Saturday, May 16, 2015

Labels >=(

I am endlessly frustrated with the feeling that people make bad assumptions about me or other people because of the labels we casually assign each other. I could easily go on a rant about othering people, but shouting into nothingness is equally frustrating. As a kid, I was very preoccupied with freedom because I felt so constrained within a body that prevented me from expressing myself how I desired, and obsessed with fairness. So I would love to be an iconoclast, and eccentrically defy norms without any fear of reprisal, but alas I'm not quite perfect. As I can't be free from the roles and expectations I'm assigned, at least I can make sure it's fair.

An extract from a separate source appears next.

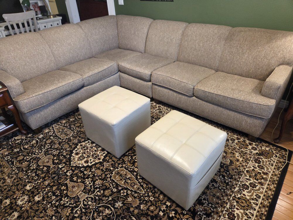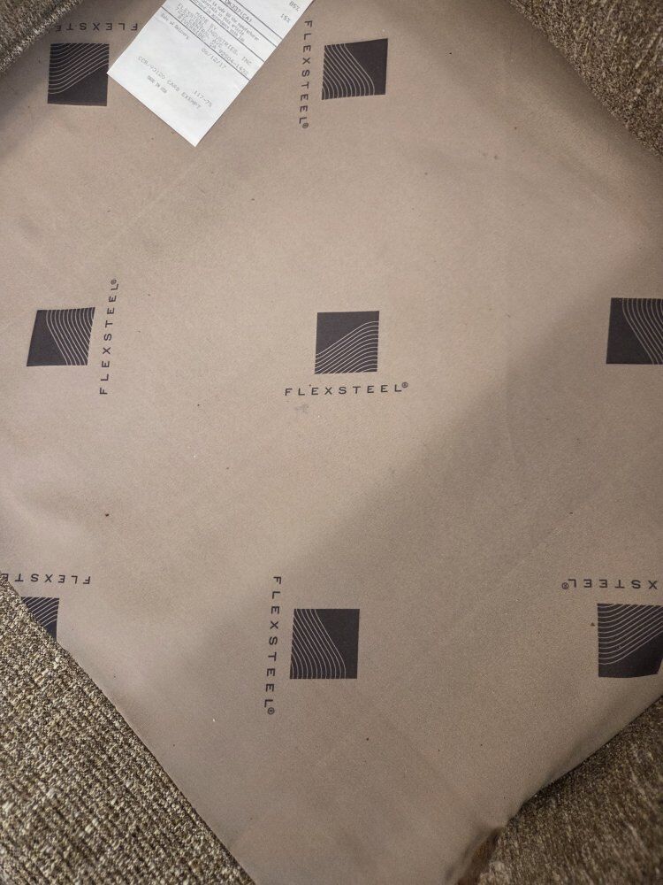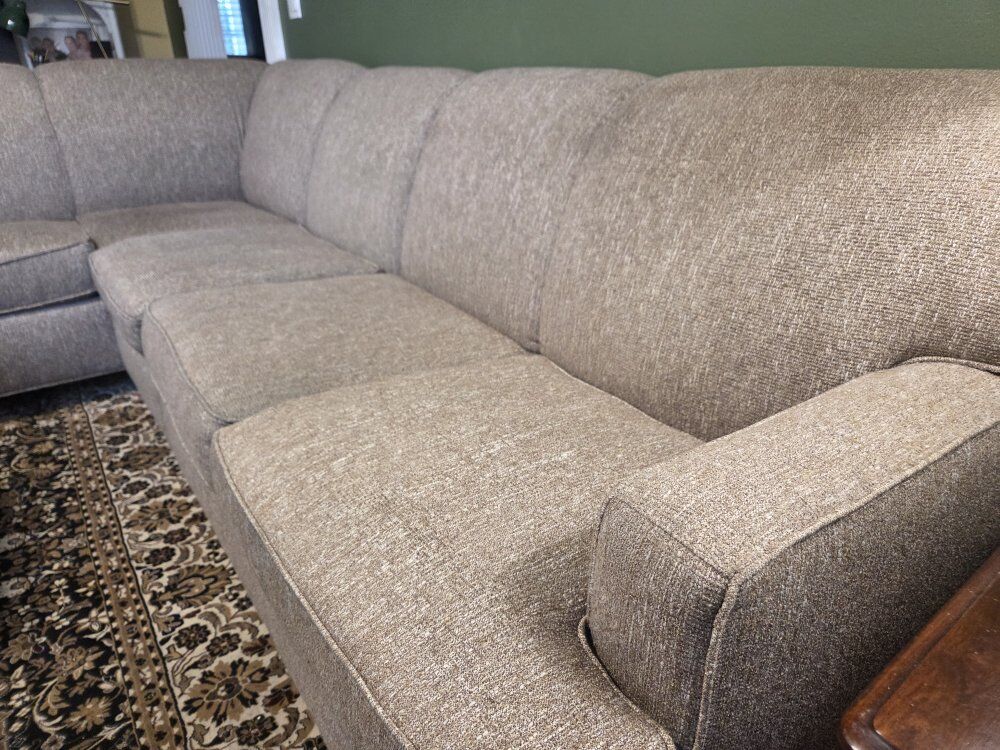 Flex Steel sectional Tan, beige, white fleck fabric upholstery over reversible foam cushion. Compact dimensions, does not take up a whole room's space. Fits nicely in most any room and does not have to set away from a wall. No recliner hardware to require operating space or contribute to shaky construction. Made in USA.

I don't even want to add labels to this post, but I will, otherwise my blog would be unnavigable, this is one of many examples of how I have to adapt if I want to exist socially. I've lived nearly my entire life trying desperately to fit in as a boy then young man, while I've always had difficulty expressing masculinity let alone understanding it. This is because I was stamped with a label at birth that prevented me for being allowed to be a girl, at least until I learned about a new, albeit less accepted label of transgender.

And yet the word, transsexual, doesn't make sense to me. By it's counterparts, heterosexual, homosexual and bisexual, it would make sense for a transsexual person to be sexually attracted to transgender people. This is one of many reasons why heterosexual cisgender people shouldn't be making up the words, lumping LGBT together is naive. But I like that I'm part of a larger group as a trans person, even if gay people can be just as transphobic as society at large. People are people, if I can't accept others then how can I expect acceptance in return.

Here's where I would normally make a pithy comment implying hypocrisy, but meh. There is power in the way you describe yourself. It shapes how you feel and who you are as a person. I used to often say "I'm awesome!" Without sarcasm, even if I didn't always believe or feel it. Just saying it and hearing it said is enough to alter your mood and perceptions of self. The freedom to express yourself and find yourself can easily be hampered by allowing labels to segregate ourselves. But segregation based on race, religion, sex, gender, wealth, etc. is regressive, we can and should aspire to be better than our forebears.

I'll only allow labels to describe me, not define me.